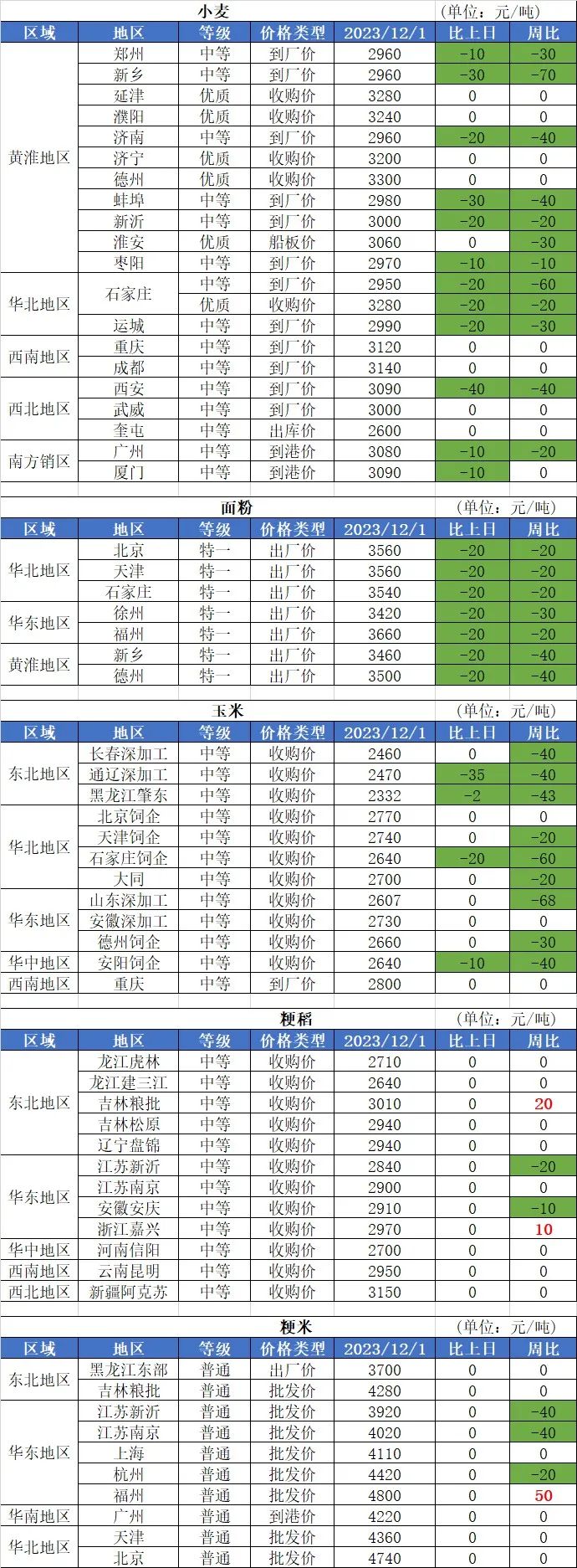 1、12月1日小麥價(jià)格繼續(xù)全面下跌,今日市場(chǎng)跌勢(shì)沒有任何放緩的跡象,甚至跌價(jià)企業(yè)范圍和速度明顯加快,主產(chǎn)區(qū)收購(gòu)價(jià)格范圍1.46-1.532元/斤,收購(gòu)均價(jià)1.486元/斤,較昨日下跌8厘/斤。
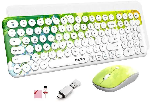 WIDE COMPATIBILITY: Mobifice wireless keyboard and mouse colorful they work perfectly with your PCs, Laptop, Smart TV, desktop computer, etc. Whether is for personal use or as a gift for friends, lovers, or children, it is a perfect choice. The keyboard mouse set contain one USB C Adapter and silicone keyboard cover as gifts, in this way, it can not only be used for Electronic devices with USB interface, but also used for those tablets that own Type-C ports treat as external keyboard.
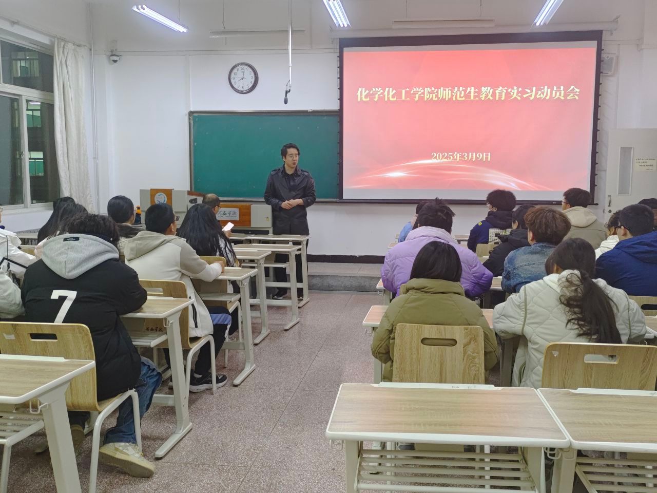 3月9日晚,公司举行第33批师范生援疆实习支教及省内顶岗实习支教岗前培训会。太阳成tyc122cc集团副经理石彦龙,化学教研室负责人、化学221班班主任及36名同学参加了会议。
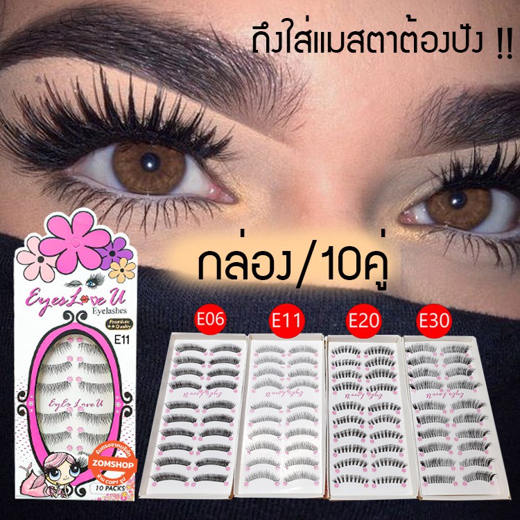 ของแท้ ⚡กล่องมี10คู่⚡ ขนตาปลอม แกนอ่อนนุ่มเบาสบาย ไม่เคืองและไม่หนักตา eyelashes แบรนด์ Eyes love u [รับตรงจากบริษัท]
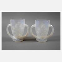 1. Hälfte 19. Jh., kobaltblaues Glas geschliffen, versilberte Emaillebemalung und goldener Pinseldekor, Arkaden mit Blümchen und Bandmotiven, beide am Stand beschädigt, berieben, H je 16 cm.
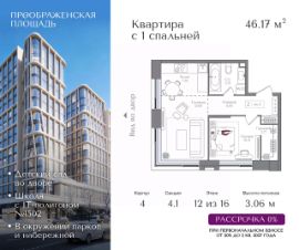Квартира на 12 этаже в жилом комплексе премиум-класса "Преображенская площадь". Общая площадь: 46.17 кв.м.
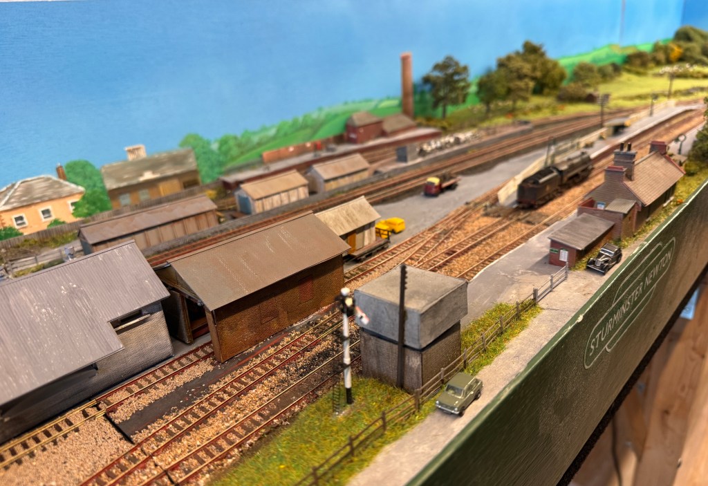 Sturminster Newton is now in its third iteration after a rebuild in 2025. The layout was originally built in 2012 for use in my study at the time. By 2015, I wanted to exhibit, but I wasn’t happy with all the elements. During 2015, I replaced the backscence, some of the buildings, and reinforced the baseboards as they weren’t designed for exhibitions. As the layout changed, I collected more research and was able to make the layout more accurate, this became v2.0 . After becoming a member of the Sturminster model railway group and helping with the OO scale model of Sturminster now in the museum, I realised that there were still some areas I could improve on with a lot more photo’s and scale drawings of many of the buildings available to use. Over the years the layout had continued to run well but the track crossings on the baseboards required fettling during setup, and some of the transitions caused a few problems from time to time so a decision was made to upgrade to V3.0

──────────────────────────────

** PROBLEM DETAILS **
Write out every line above exactly as it is, leaving out the pictures.

** ANSWER SPACE **
 1、12月1日小麥價(jià)格繼續(xù)全面下跌,今日市場(chǎng)跌勢(shì)沒有任何放緩的跡象,甚至跌價(jià)企業(yè)范圍和速度明顯加快,主產(chǎn)區(qū)收購(gòu)價(jià)格范圍1.46-1.532元/斤,收購(gòu)均價(jià)1.486元/斤,較昨日下跌8厘/斤。
 WIDE COMPATIBILITY: Mobifice wireless keyboard and mouse colorful they work perfectly with your PCs, Laptop, Smart TV, desktop computer, etc. Whether is for personal use or as a gift for friends, lovers, or children, it is a perfect choice. The keyboard mouse set contain one USB C Adapter and silicone keyboard cover as gifts, in this way, it can not only be used for Electronic devices with USB interface, but also used for those tablets that own Type-C ports treat as external keyboard.
 3月9日晚,公司举行第33批师范生援疆实习支教及省内顶岗实习支教岗前培训会。太阳成tyc122cc集团副经理石彦龙,化学教研室负责人、化学221班班主任及36名同学参加了会议。
 ของแท้ ⚡กล่องมี10คู่⚡ ขนตาปลอม แกนอ่อนนุ่มเบาสบาย ไม่เคืองและไม่หนักตา eyelashes แบรนด์ Eyes love u [รับตรงจากบริษัท]
 1. Hälfte 19. Jh., kobaltblaues Glas geschliffen, versilberte Emaillebemalung und goldener Pinseldekor, Arkaden mit Blümchen und Bandmotiven, beide am Stand beschädigt, berieben, H je 16 cm.
Квартира на 12 этаже в жилом комплексе премиум-класса "Преображенская площадь". Общая площадь: 46.17 кв.м.
 Sturminster Newton is now in its third iteration after a rebuild in 2025. The layout was originally built in 2012 for use in my study at the time. By 2015, I wanted to exhibit, but I wasn’t happy with all the elements. During 2015, I replaced the backscence, some of the buildings, and reinforced the baseboards as they weren’t designed for exhibitions. As the layout changed, I collected more research and was able to make the layout more accurate, this became v2.0 . After becoming a member of the Sturminster model railway group and helping with the OO scale model of Sturminster now in the museum, I realised that there were still some areas I could improve on with a lot more photo’s and scale drawings of many of the buildings available to use. Over the years the layout had continued to run well but the track crossings on the baseboards required fettling during setup, and some of the transitions caused a few problems from time to time so a decision was made to upgrade to V3.0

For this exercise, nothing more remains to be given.